Nuclear plants consist mainly of a shitton of concrete (and only the best sort is good enough). The production of that concrete causes a terrible amount of carbon emissions upfront.
LMAO I didn't know that. So they tried to solve the problem of human stupidity? ;-)
Yea, sure... make it even better by adding an extra lot of carbon emissions for the transportation.
I have to take back my statement from above: they did NOT try to solve stupidity, but rather exploit it.
Actually, if you compare them to solar or wind at equivalent service, it's not that straightforward:
Renewables installed capacity is nowhere close to their actual production, nuclear can produce its nominal capacity in a very steady way.
Wind turbines also need a lot of concrete, and much more metal for equivalent output. Solar panels need a lot of metals.
Renewables need a backup source to manage their intermittency. It's most often batteries and fossil plants these days. I don't think I need to comment on fossil plants, but batteries production also has a very significant carbon emission budget, and is most often not included in comparisons. Besides, you need to charge the batteries, that's even more capacity required to get on par with the nuclear plant.
With all of these in consideration, IPCC includes nuclear power along with solar and wind as a way to reduce energy emissions.
If you use lithium batteries, sure, but grid-scale solutions are definitely moving away from that, the only reason Lithium ever really showed up in the grid is because car manufacturers built up lithium capacity, it wouldn't have happened without that. Lithium itself I think won't be an issue for long, plenty of abundant repositories have been found and we haven't even really started recycling, cobalt now that's a completely different topic.
Main difference is that you really don't need energy density if you don't lob the batteries around all the time so flow batteries, sodium-ion, molten salt, whatnot, are very enticing options. For spikes and frequency regulation there's good ole flywheels (which came for free with all those glorified steam engines burning fossil fuels and uranium). Also around here we're using Scandinavian hydrodams as storage for our wind, granted not everyone has them as neighbours.
A bit further down the line power-to-X will also be an important factor in backup and seasonal storage: We'll need various hydrogen/hydrocarbon compounds anyway as feed stock, for steel smelting etc. so production capacity to soak up renewable overproduction will be available. Which side note is also the reason people should stop with the "hydrogen is dirty" argument: What the fuck else are you going to smelt steel with. Right now hydrogen smelters are going to use fossil hydrogen, yes, but that's pretty much the only way to build up enough demand so that green hydrogen production gets investment.
Solar plus batteries are already cheaper than nuclear, and only going down.

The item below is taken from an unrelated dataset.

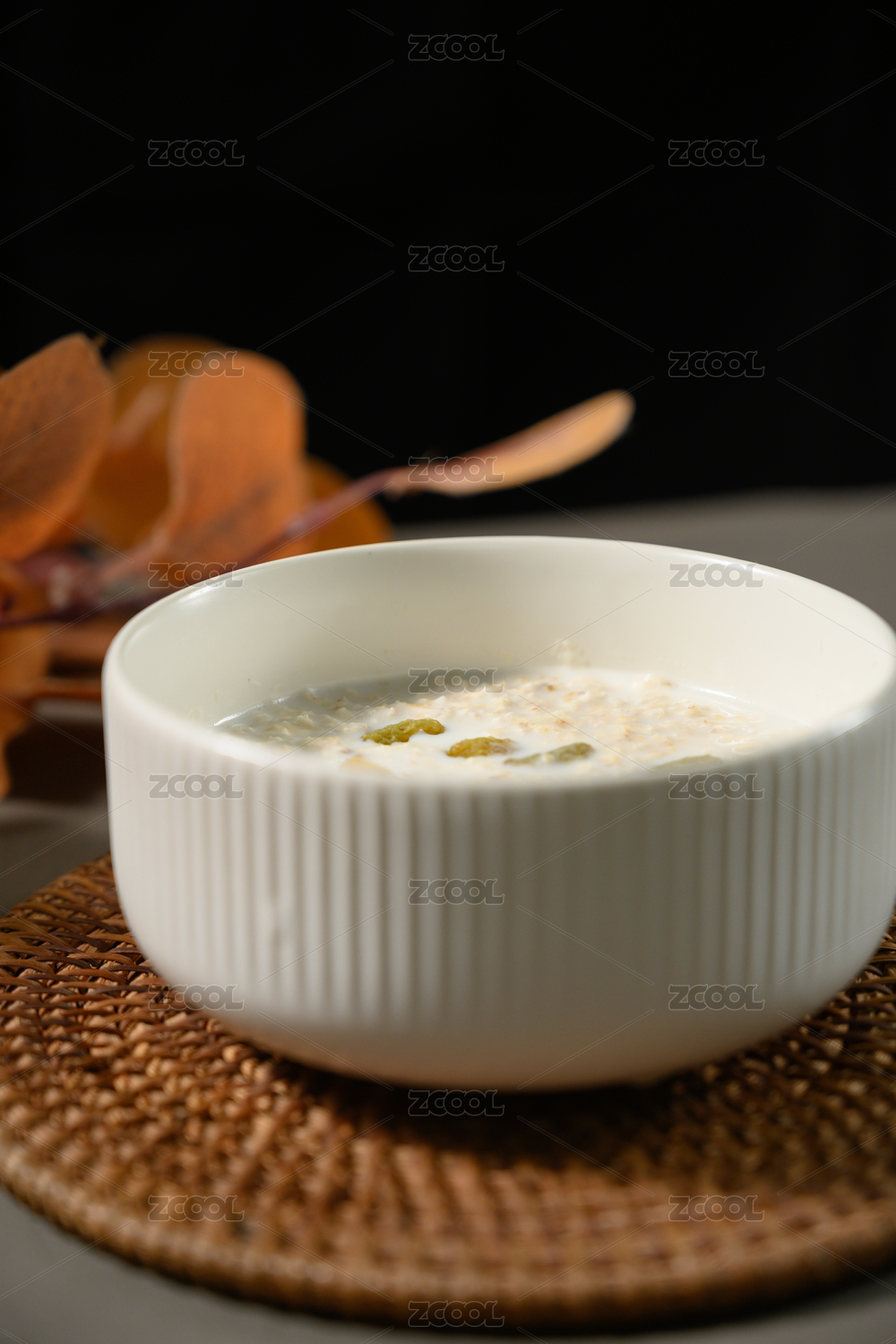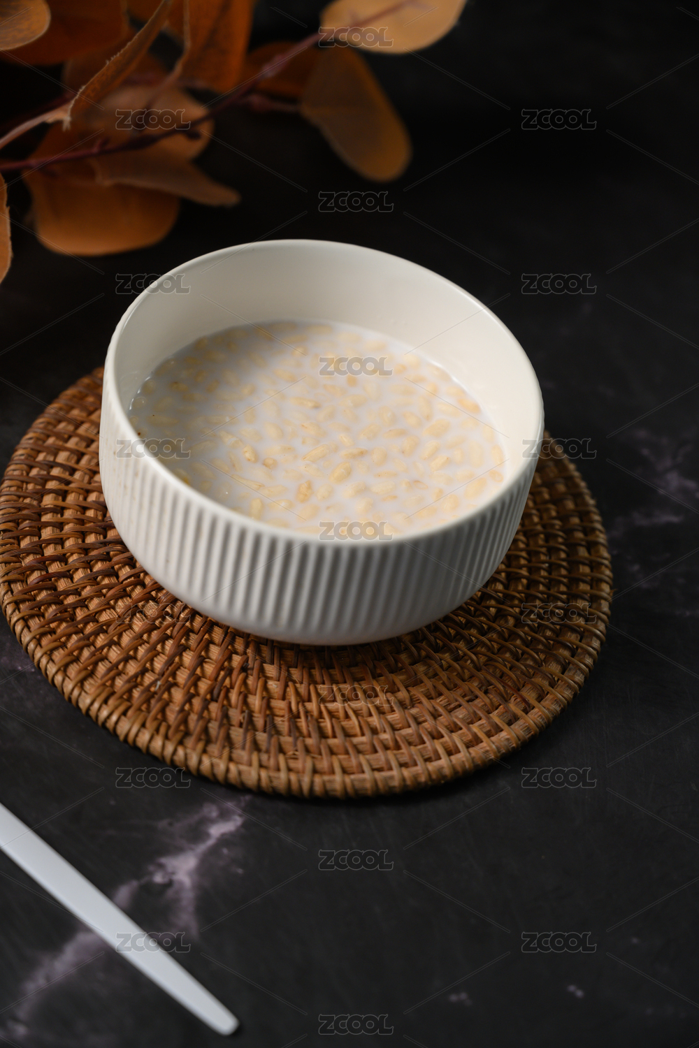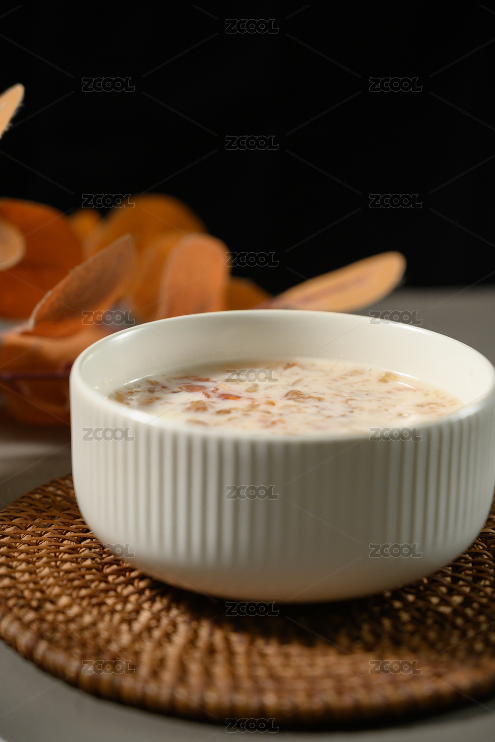 桌面上的碗里的美味可口的牛奶炖桃胶

Nuclear has always gotten more expensive over time. For the cost of the most recently completed nuclear plant in the US they could have built 12 times the nameplate capacity worth of solar with 24 hours of battery backup. (A totally unnecessary amount of dispatchability.)
Solar and batteries easily "pay" for their manufacturing carbon emissions within 1-2 years max (as does nuclear). This payback period only goes down as the grid gets greener.